VR-Cardiomics provides an interactive user interface containing all included functions for gene analysis as well as various options for data export and customization options, as shown in Fig. 3. The nature of the FTVR and its limitations to a side-by-side comparison led to a simplified version of the menu for the FTVR. Therefore, the sidebar panel including the settings, the option to add or remove objects, and the handle of the menu panel are omitted in the FTVR (Fig. 3 (4,5,6, and 10)).
The gene to be examined was entered into the search bar (Fig. 3 A,1) using either a conventional keyboard for zSpace or a virtual keyboard generated within the environment for the HMD-VR. Gene selection leads to a coloring of the 3D heart model using the associated gene expression values. This visual representation embodies the normalized gene distribution in each of the 18 heart slices, which can also be displayed in absolute values (Fig. 3 G).
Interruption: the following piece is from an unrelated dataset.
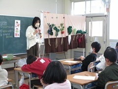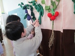 12月4日(木)に、2年生が栄養教諭から、冬野菜について教えていただきました。子どもたちは、夏野菜と冬野菜のタペストリーを見たり、収穫した時のことを思い出したりしながら、「冬野菜は白っぽい物が多いね。」「冬野菜は土の近くに実がなるね。」「夏野菜は一つの苗からたくさんの実が収穫できるけれど、冬野菜は1つしか実をつけないよ。」などと、たくさんのことに気づきました。

For each gene pattern, a list of genes with similar expression patterns was generated in tabular form (Fig. 3 B). To simplify the interpretation of these results, all genes are listed as buttons to directly visualize them onto the model. The currently displayed selection of similar gene structures can be exported locally as text files in a TSV-like manner (Fig. 3 A,7). In addition, a series of images of the heart model can be generated using the camera icon in the sidebar panel (Fig. 3 A,4) leading to a series of images from four different angles to the heart object (Fig. 3 F).
Several functions have been integrated to achieve an easier comparison of the multiple expression patterns of different genes. One major implementation allowing a visual data comparison in IE is enabled using additional fully intractable and independent heart models (Fig. 3 A,6). An exemplary representation of such a comparison is shown in Fig. 3 C on the left. Using the FTVR application, the second heart model will be colored based on the next gene expression value chosen from the similar genes list, which allows the user to interact with two independent heart models with different gene expression patterns at the same time. In the HMD-VR, multiple objects can be placed within the environment, and gene expression patterns can be visualized independently. This function is particularly useful when examining individual areas but shows weaknesses when comparing multiple expression patterns because 18 sections of each heart have to be compared simultaneously. Consequently, a second comparison function was devised, along with a heatmap comparison (Fig. 3 C, right), which differentiates the individual expressions of each segment for the two selected genes, and colors them using a color gradient depending on the absolute or normalized differences. The sections of the heart with high absolute/normalized distances are shown in red, whereas shorter distances are shown in blue.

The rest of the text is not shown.